## [Directions]
Write out the listing below in full and exactly, leaving out every picture.

[Data excerpt — start]

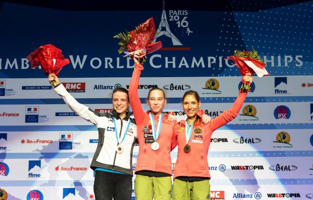 Janja Garnbret je na svetovnem prvenstvu v Parizu s sedemnajstimi leti z vrhom v finalni smeri stopila na vrh svetovnega plezanja. Druga je bila Anak Verhoeven, ki je v finalu enako kot naša tekmovalka dosegla vrh smeri, vendar se je Garnbretovi obrestovalo boljše plezanje v polfinalu. S tretjim mestom je za popoln slovenski večer poskrbela Mina Markovič. Naša reprezentanca je imela prvič v zgodovini svetovnih prvenstev dve tekmovalki na zmagovalnem odru.
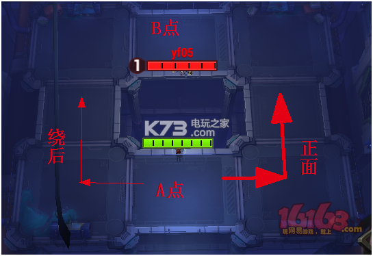 可以看到环形场地是一个对称的场地,其中A点是己方出生点,B点是敌方出生点。明显此场地是一个首尾相接的场地,一个好的远程可以有几乎无穷的空间去风筝近战。因此,此场地的最好打法是队伍主力从一路和敌方刚正面,分出一个哈利或者查尔斯从另外一条路摸到敌方后面切他们的后排,打乱敌方的节奏。
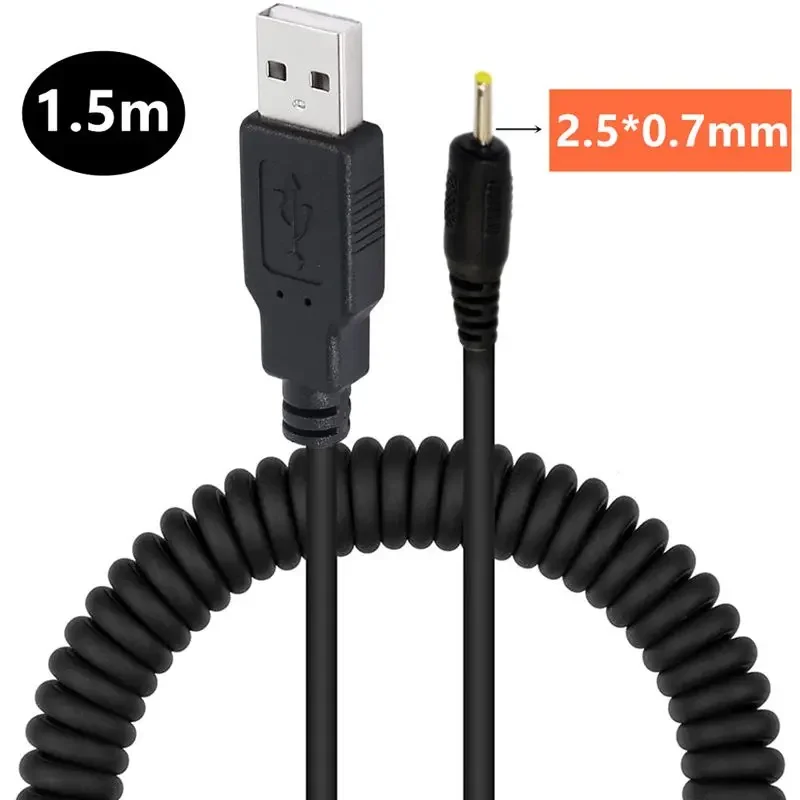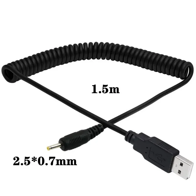 2: USB a DC2.5 * 0,7mm macho 5V2A cable de alimentación de corriente cable de carga cable USB Cable de resorte telescópico 1,5 m;

[Data excerpt — finish]

## [Exercise answer]
 Janja Garnbret je na svetovnem prvenstvu v Parizu s sedemnajstimi leti z vrhom v finalni smeri stopila na vrh svetovnega plezanja. Druga je bila Anak Verhoeven, ki je v finalu enako kot naša tekmovalka dosegla vrh smeri, vendar se je Garnbretovi obrestovalo boljše plezanje v polfinalu. S tretjim mestom je za popoln slovenski večer poskrbela Mina Markovič. Naša reprezentanca je imela prvič v zgodovini svetovnih prvenstev dve tekmovalki na zmagovalnem odru.
 可以看到环形场地是一个对称的场地,其中A点是己方出生点,B点是敌方出生点。明显此场地是一个首尾相接的场地,一个好的远程可以有几乎无穷的空间去风筝近战。因此,此场地的最好打法是队伍主力从一路和敌方刚正面,分出一个哈利或者查尔斯从另外一条路摸到敌方后面切他们的后排,打乱敌方的节奏。
 2: USB a DC2.5 * 0,7mm macho 5V2A cable de alimentación de corriente cable de carga cable USB Cable de resorte telescópico 1,5 m;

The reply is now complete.